━━ Data in this exercise

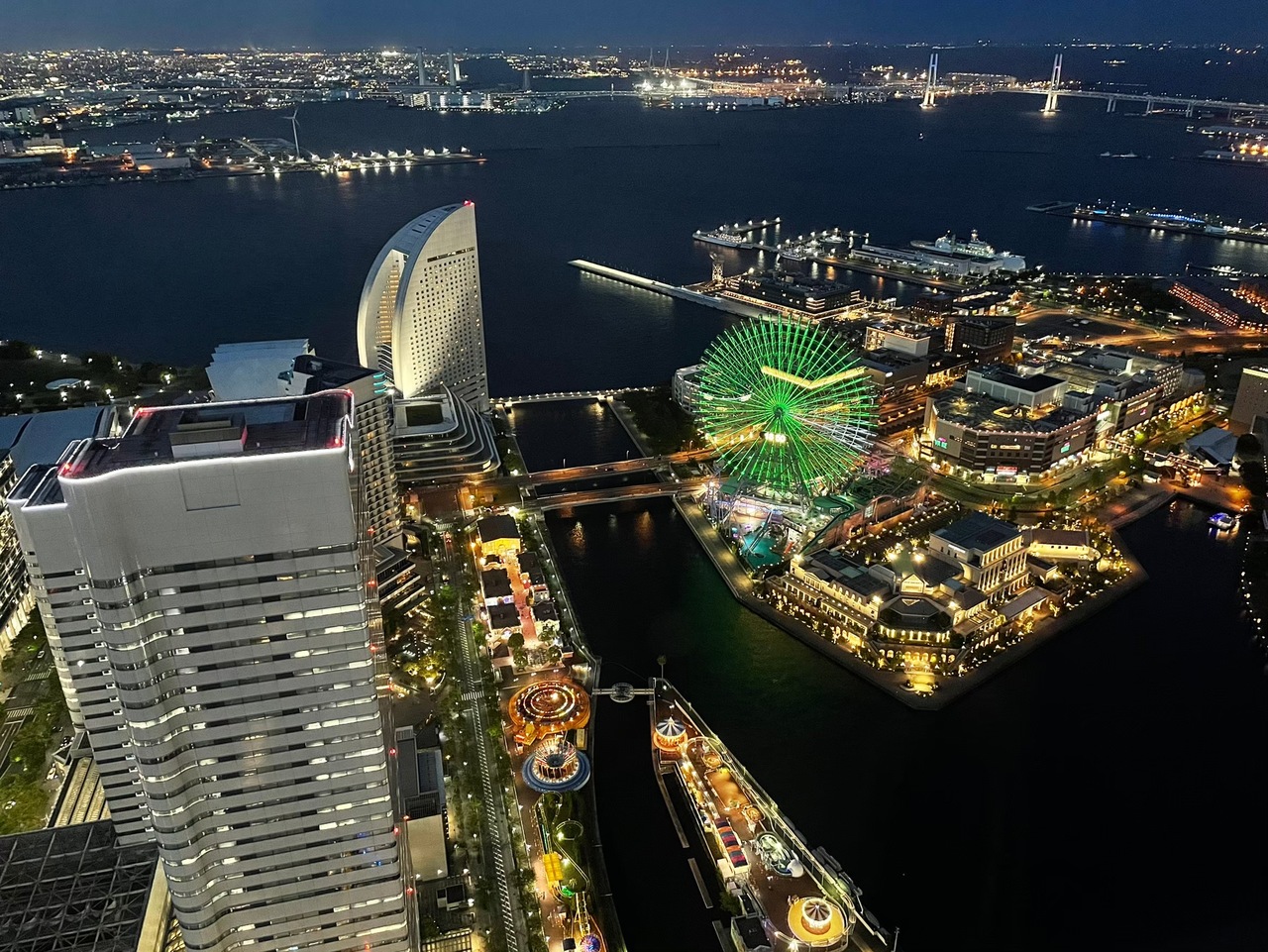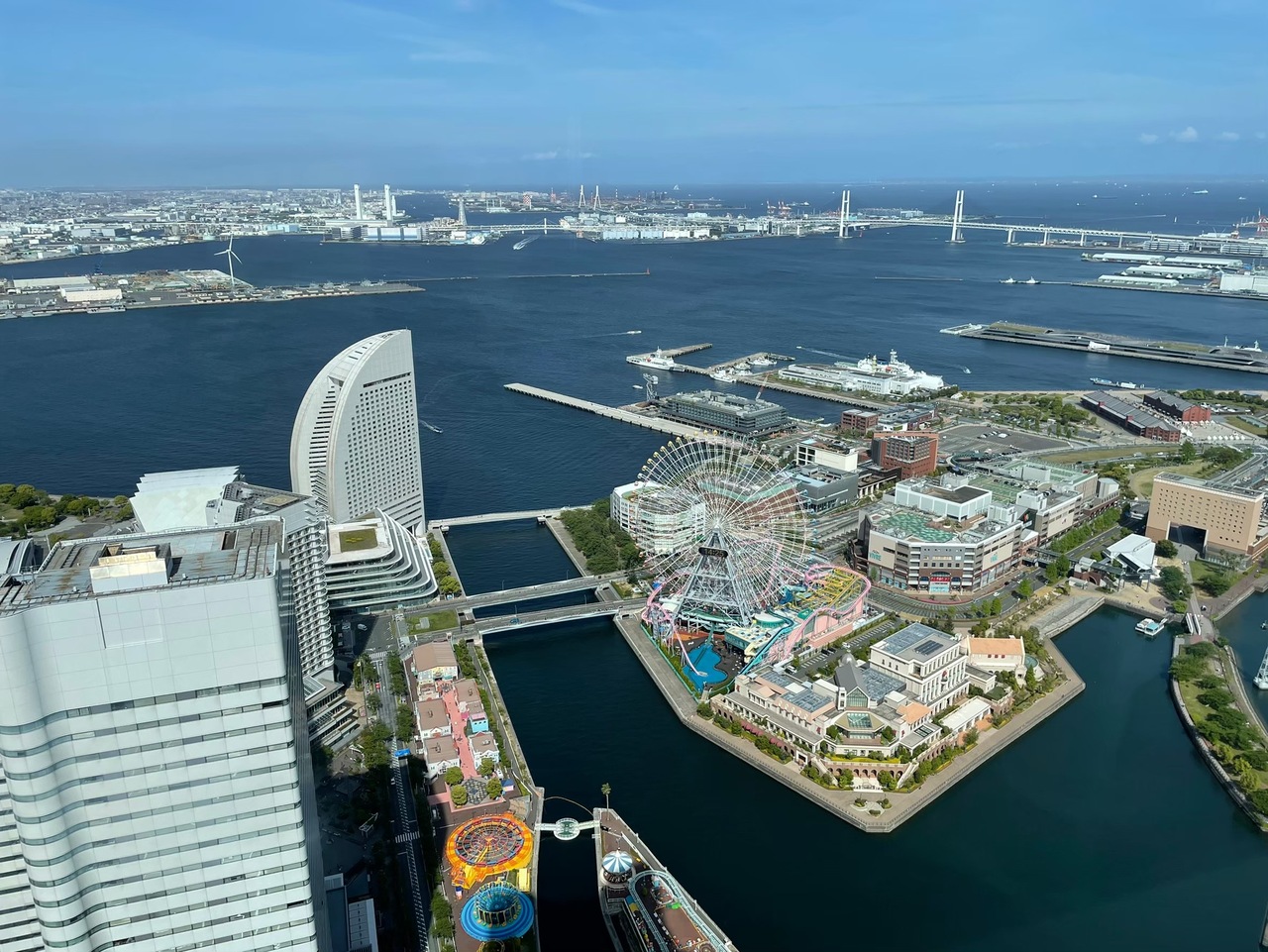 みなとみらいのランドマークタワー、上の部分がホテルになっているのでどのお部屋からでも高層階からの景色が楽しめます。
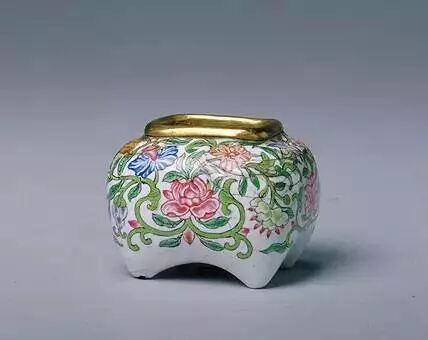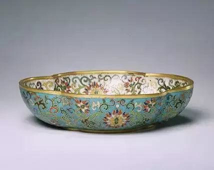 笔洗海棠花式,平底。内壁在白釉地上饰掐丝珐琅缠枝花卉纹,内底中心为一朵莲花,外壁在天蓝色地上饰缠枝花卉纹。此器掐丝均匀,色彩纯正,镀金光亮,做工精致,为乾隆朝的典型作品。
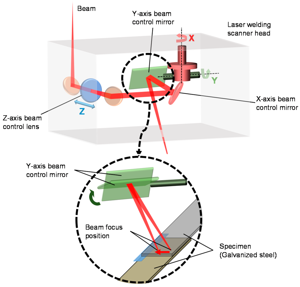 A schematic illustration of a laser welding scanner head that can easily change the direction of welding.
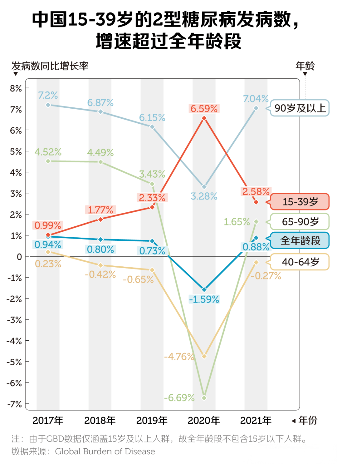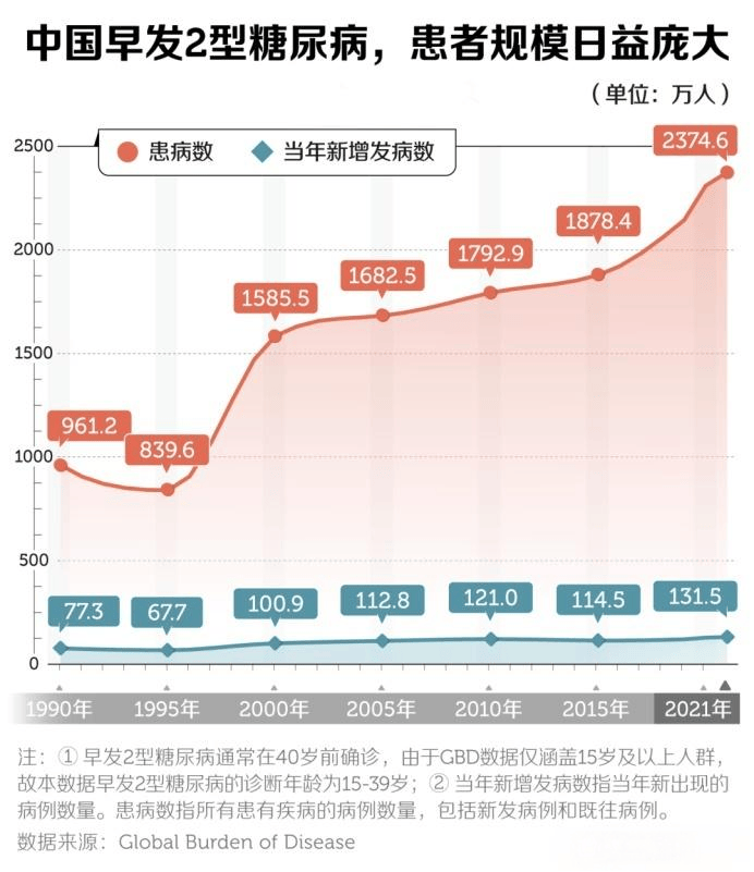 2021 年全球统计数据表明,成年人糖尿病患病率已达 10%。而中国 15-39 岁早发 2 型糖尿病患者数量,从 1990 年的 961.2 万激增至 2374.6 万,增幅高达 147%。
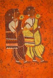 Keywords: Batik painting.jpg A photo of a Batik painting depicting two Indian women 2005-11-13 own assumed Pamri Batik Painting Portrait paintings of women at full length
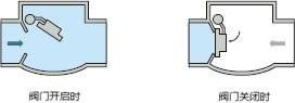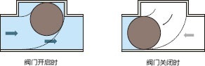 构造:橡胶制的球状阀,在流体的逆流和自重的作用下移动,阀开闭
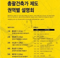 국가건축정책위원회와 국토교통부가 다음달 1일 충청권(대전)을 시작으로 지역 공공건축 혁신을 유도하기 위해 총괄건축가 제도에 대한 설명회를 개최한다고 28일 밝혔다.이후 다음달 15일 영남권(대구), 29일 수도권(서울), 12월 6일 호남권(광주),

━━━━

### Assignment
If a picture falls within the lines from the one containing "构造:橡胶制的球状阀,在流体的逆流和自重的作用下移动,阀开闭" through the end of the material, leave it out while repeating those lines exactly.

### Written solution
 构造:橡胶制的球状阀,在流体的逆流和自重的作用下移动,阀开闭
 국가건축정책위원회와 국토교통부가 다음달 1일 충청권(대전)을 시작으로 지역 공공건축 혁신을 유도하기 위해 총괄건축가 제도에 대한 설명회를 개최한다고 28일 밝혔다.이후 다음달 15일 영남권(대구), 29일 수도권(서울), 12월 6일 호남권(광주),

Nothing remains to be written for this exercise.